Compare to the discussion about sodium batteries [soylentnews.org]. Obviously, the demand for greater energy density is insatiable: a drone with a 2x denser battery at the same weight could have 2x the range. But less dense but very cheap batteries could be more useful for some applications.
[SIG] 10/28/2017: Soylent Upgrade v14 [soylentnews.org]
(Score: 1, Interesting) by Anonymous Coward on Thursday October 12 2017, @08:16PM
There may still be discoveries to be made. The first compound of helium was reported eight months ago.
https://soylentnews.org/article.pl?sid=17/02/11/0245206 [soylentnews.org]
(Score: 1) by khallow on Friday October 13 2017, @01:29PM
But the basic thermodynamics are really close to perfect efficiency for the combustion chamber temperatures that can be supported.
(Score: 1, Interesting) by Anonymous Coward on Thursday October 12 2017, @08:10PM
The Green Flame by Andrew Dequasie is an out-of-print book in the same topic area. It's about the boron fuels project.
https://www.goodreads.com/book/show/21251044-the-green-flame [goodreads.com]
(Score: 1, Interesting) by Anonymous Coward on Thursday October 12 2017, @08:25PM
The summary says "LiH was used to start rockets rather than make batteries which, predictably, catch fire." Lithium hydride isn't used in batteries as the reviewer seems to believe. It's been considered [wikipedia.org] as a way to store hydrogen, "but applications have been thwarted by its stability to decomposition."

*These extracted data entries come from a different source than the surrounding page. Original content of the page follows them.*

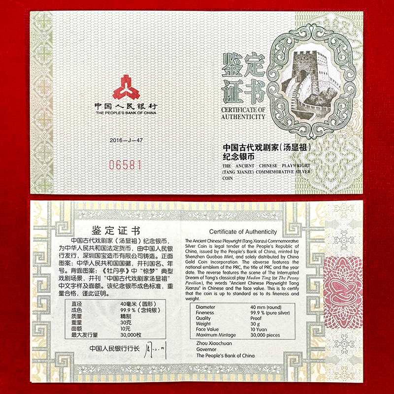 中国古代戏剧家(汤显祖)银币 纯银30克 封装评级 带礼盒 带证书
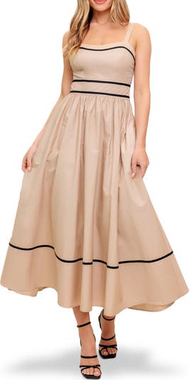 Contrast Stripe Cotton Fit & Flare Maxi Sundress
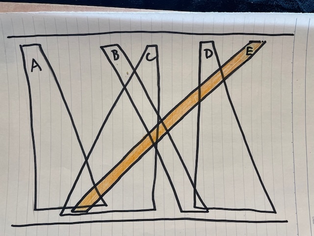図 1 の台形グラフは、通常のノードとエッジからなるグラフです。図 2 の台形モデルは、図 1 と次のように対応します。図 2 の台形 A, B, C, D, E は 図 1 のノード A, B, C, D, E に対応します。図 2 の台形 A と C が交差している部分は、図 1 のノード A と C を結ぶエッジに相当します。図 2 の他の台形の交差している部分についても同様です。
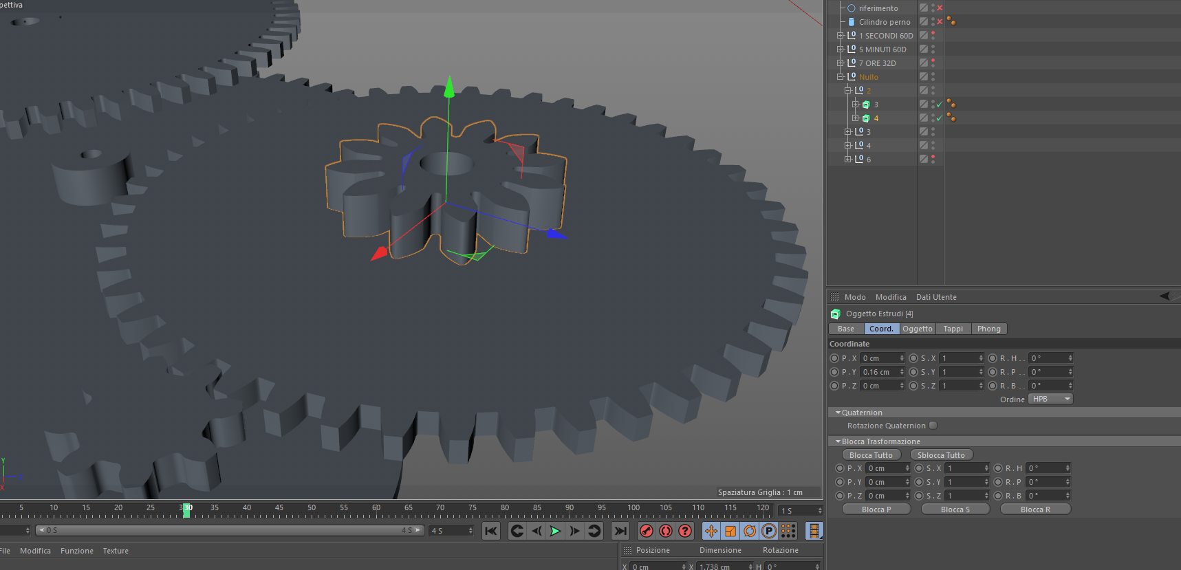 ho un oggetto nullo a cui applico una rotazione di x gradi ogni tot tempo, per intenderci l'oggetto nullo che nelle immagini si chiama 2, questo a sua volta ha due figli estrusi a cui non è stata applicata nessuna animazione nel tempo, il figlio(quello estruso) chiamato 3 segue correttamente la rotazione del genitore, mentre il 4 no, ho provato a cambiare l'ordine ma non cambia nulla, gli assi sono allineati, non so quale sia il problema.
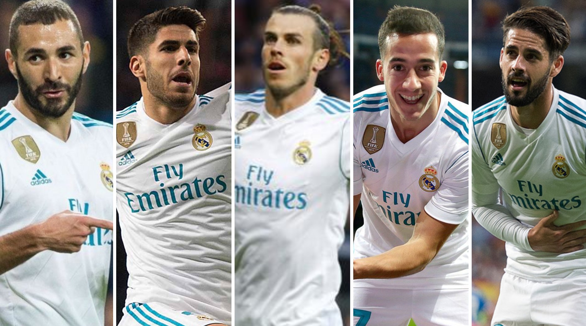 Dos puestos por definir, para los que optan cinco candidatos: Karim Benzema, Marco Asensio, Lucas Vázquez, Gareth Bale e Isco Alarcón.
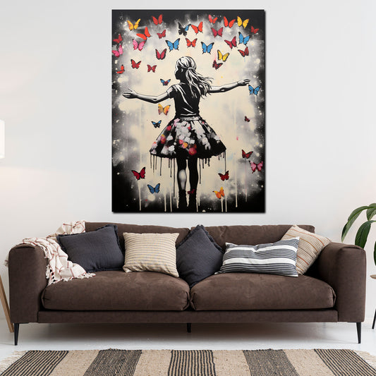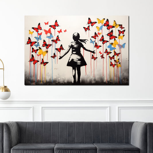 Street Art Mädchen mit Schmetterlinge Wandbild Kunstwerk

(Score: 3, Interesting) by VLM on Friday October 13 2017, @01:13PM
The subject line looks like weird spam but I assure you as a teen boy in the 80s/90s this book was 100% successful at encouraging me to put computer and electronic stuff on the back burner for a few years and go to uni as a chemistry major. That lasted until I realized, just like Gergel's memoirs, the past is the past and now is now, and one dude two generations before me having a great career doesn't mean I'd enjoy the modern field at all. In fact I'd probably hate being a modern chemist. So I went back to electronics and computers which I did enjoy.
I'd theorize that being a chemist is like being in pro sports. If you're that one really lucky guy, you're going to have a happy thrilling life, but almost everyone in the field will not have a happy outcome. At least thats how I saw it circa age 20 when I dumped chemistry and went back to EE/CS stuff I'd been doing since I was a little kid doing ham radio and programming Z80s and stuff.
I'm just saying this book was very successful at recruiting me, and I'm told, many other chemists. Its a hell of an exciting book if you're 17 or so and trying to pick a major. It really is that good of a book. Or teen boys have that bad of taste in literature. I'll have to re-read it now, being a few decades later, and think about it.